Former Paratrooper travels to the Caribbean to fight for deported U.S. veterans

Matt Saintsing
June 15, 2018 - 6:07 pm

Photo by Xinhua/Sipa USA


A previously deported U.S. Army veteran will travel to the Dominican Republic this week to visit "dozens" of other deported veterans living in the Caribbean nation. 

Hector Barajas-Varela, who became a United States citizen earlier this year, and a team of four other advocates will fly to Santo Domingo on Tuesday to bring computers, printers, and other equipment that will connect the veterans with resources and family back home. It will be their first trip visiting with deported American veterans outside of Mexico. 

“One of the biggest things is to remind them that they’re not forgotten,” Barajas-Varela told Connecting Vets. “In Mexico, we’re getting a lot of visits at the different bunkers we have, in Juarez and in the valley near Texas, but it’s very rare that these guys are ever getting visited, it should be a good morale booster.”

Barajas-Varela's' team seeks to connect the veterans with, legal services, and help them with filing VA claims, but it'll also be a chance for them a to see just how many veterans are deported to the Dominican Republic. He's expecting dozens, but the number of deported veterans there could be as high as several hundred. 

“A lot of deported veterans are Vietnam-era veterans, so a lot of these guys don’t use Facebook or twitter and it’s hard to find out how many there are," says Barajas. 

He was born in Mexico, but he grew up in Los Angeles, Calif. Barajas-Varela became a permanent resident in 1992, and was given a green-card. In 1995, he joined the Army as a vehicle mechanic and was assigned to the 82nd Airborne Division at Fort Bragg, N.C. He was honorably discharged in 2001. His legal residency was lost after he was convicted of shooting at an occupied vehicle in L.A. 
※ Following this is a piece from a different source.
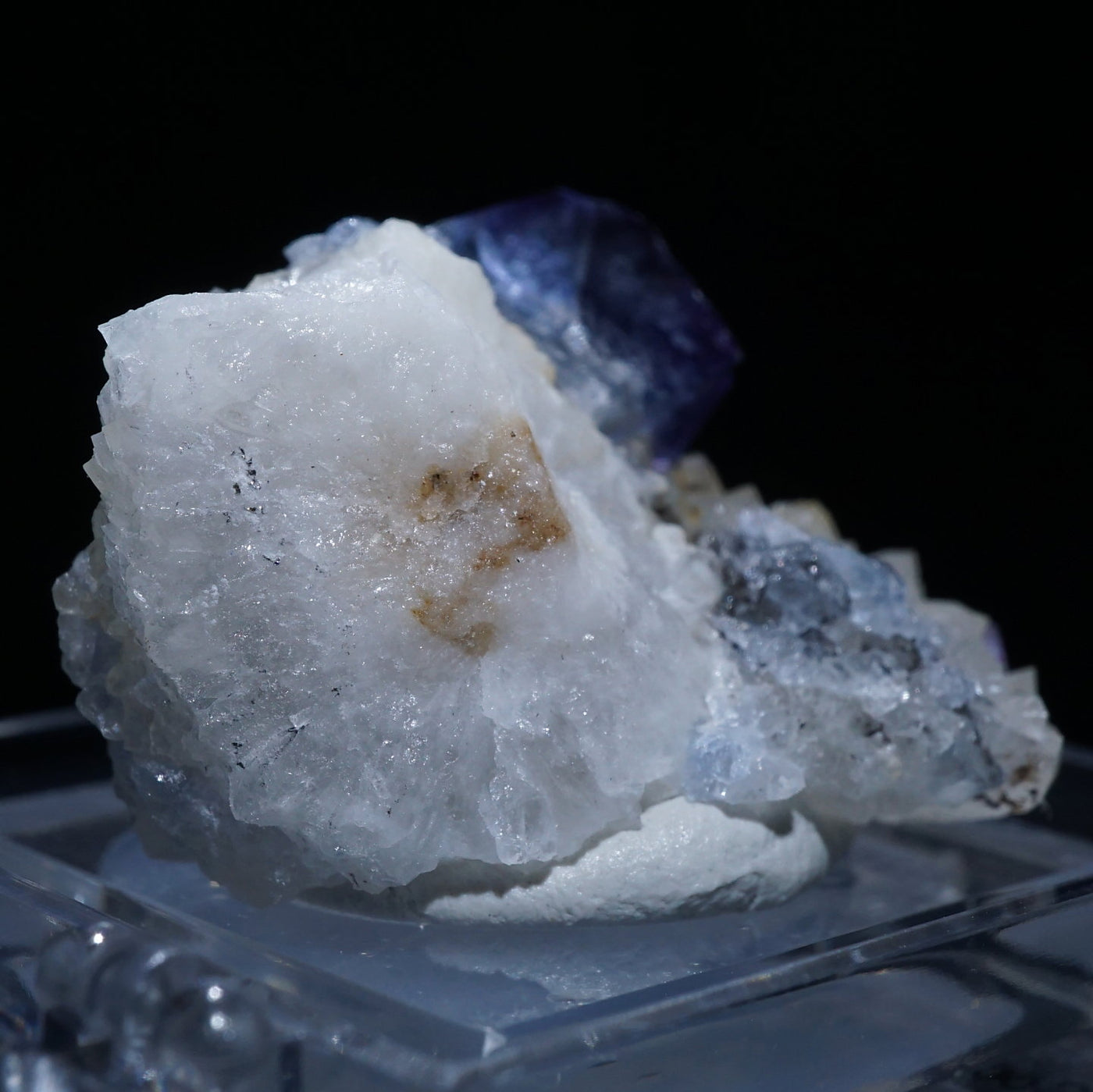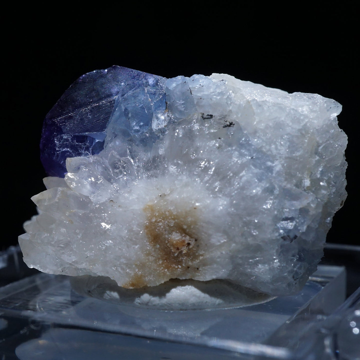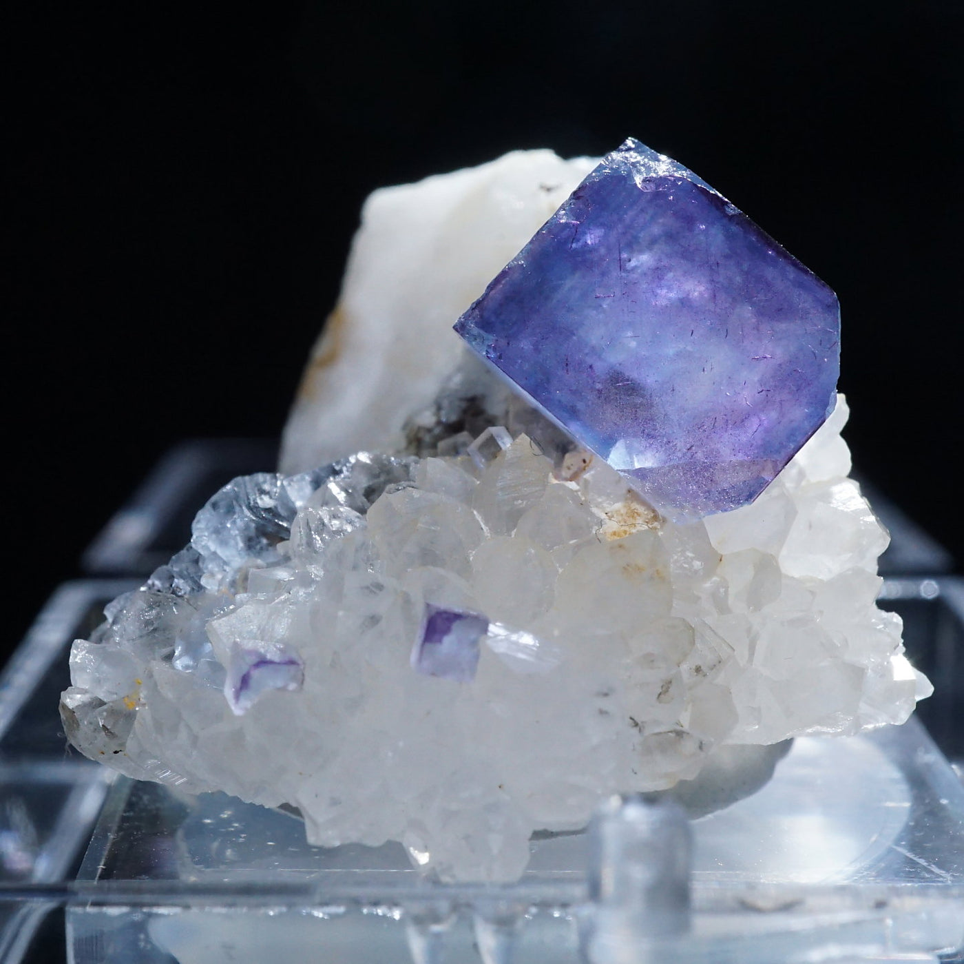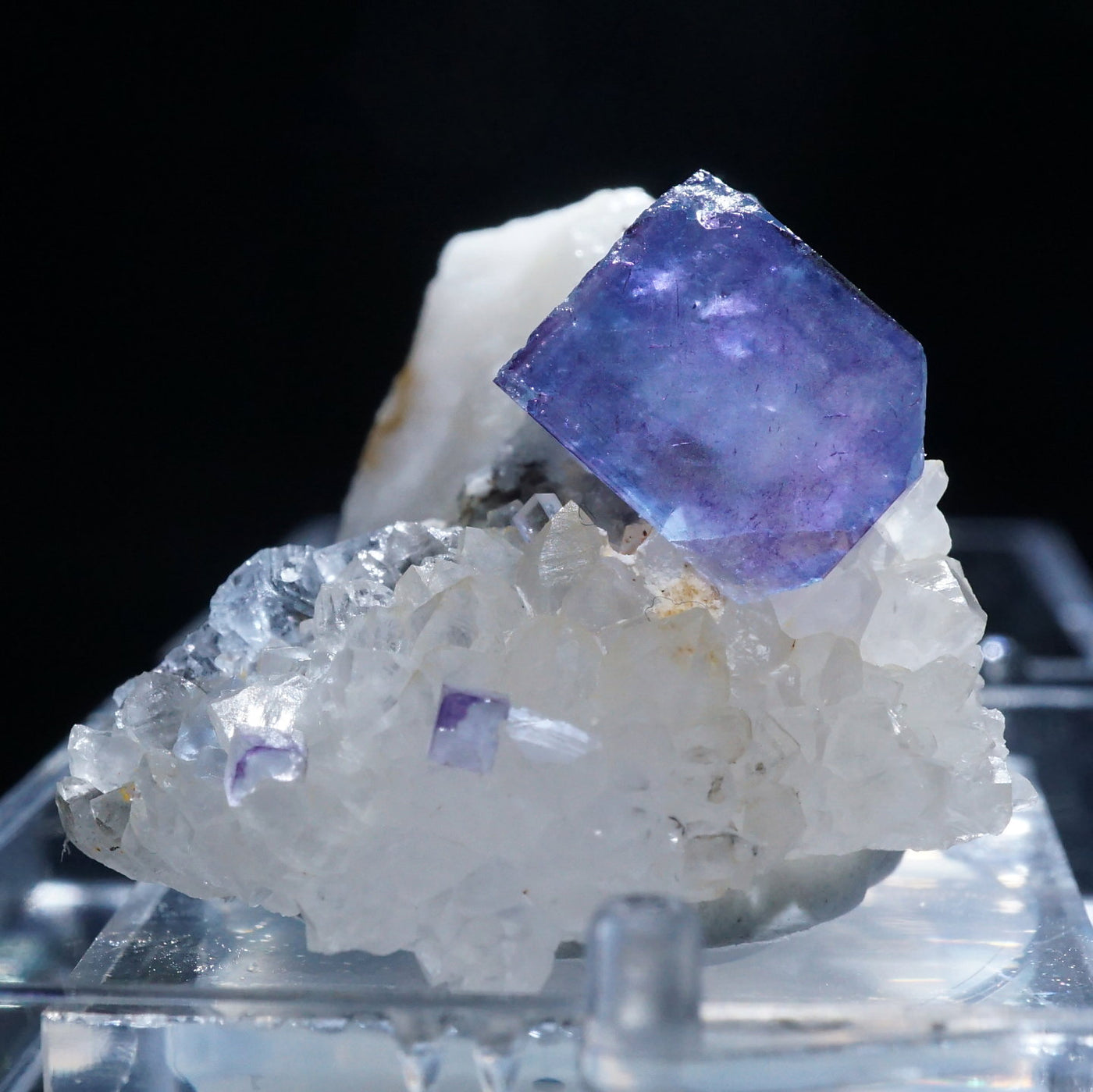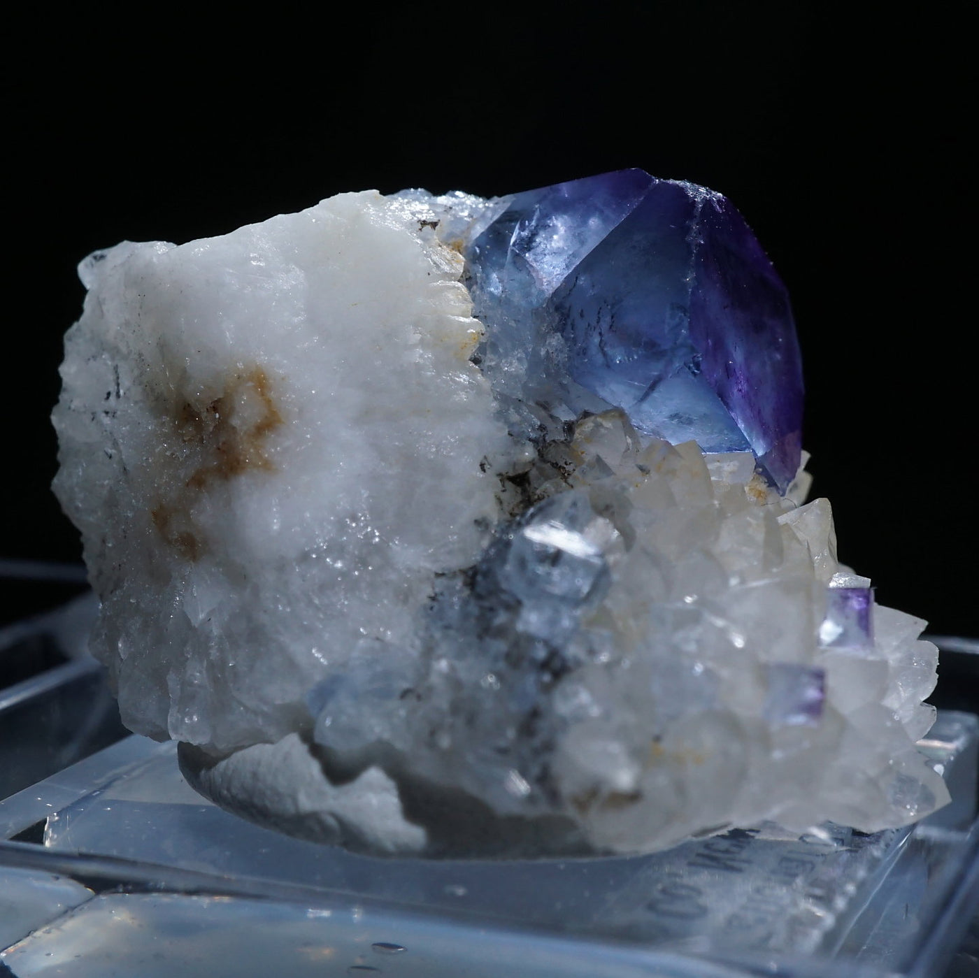 アメリカ・ニューメキシコ州産のフローライトです。淡い紫がかったブルーが綺麗です。フローライトは紫外線ライトを当てると蛍光します。※撮影に使用しているライトは、紫外線ライト365nm5wタイプです。【産地】Blanchard Mine, Socorro Co., New Mexico, USA

There were no injuries, but Barajas-Varela spent 13 months in prison and another month on parole.

In 2004, he was deported to Mexico, and lived in a Tijuana shelter that he transformed into a harbor for other individuals like him: American veterans who were deported following criminal convictions. He could have applied for U.S. citizenship before he left the Army, but had mistakenly believed that serving in the military automatically granted it. 

At the end of April, California Gov. Jerry Brown (D) pardoned Barajas for the crime that led to his deportation, which provided a pathway for his citizenship. 

Since 2013, the Deported Veterans Support House, or "bunker" as its known, has served 20 people. The Support House provides legal and other services to deportees adjusting to their new surroundings and life outside the United States. 

Barajas-Varela said the Bunker has made contact with hundreds of deported veterans in 42 countries. 

Despite gaining citizenship, Barajas-Varela said he plans on splitting time between Los Angeles and Mexico for another year to continue his work supporting deported vets. 

"I just want to leave something in place for someone else to pick up the work," he added. "Leaving some kind of structure in place so it can continue no matter how much involvement I have with it in the future." 

"That's something we were taught in the military," said Barajs-Varela.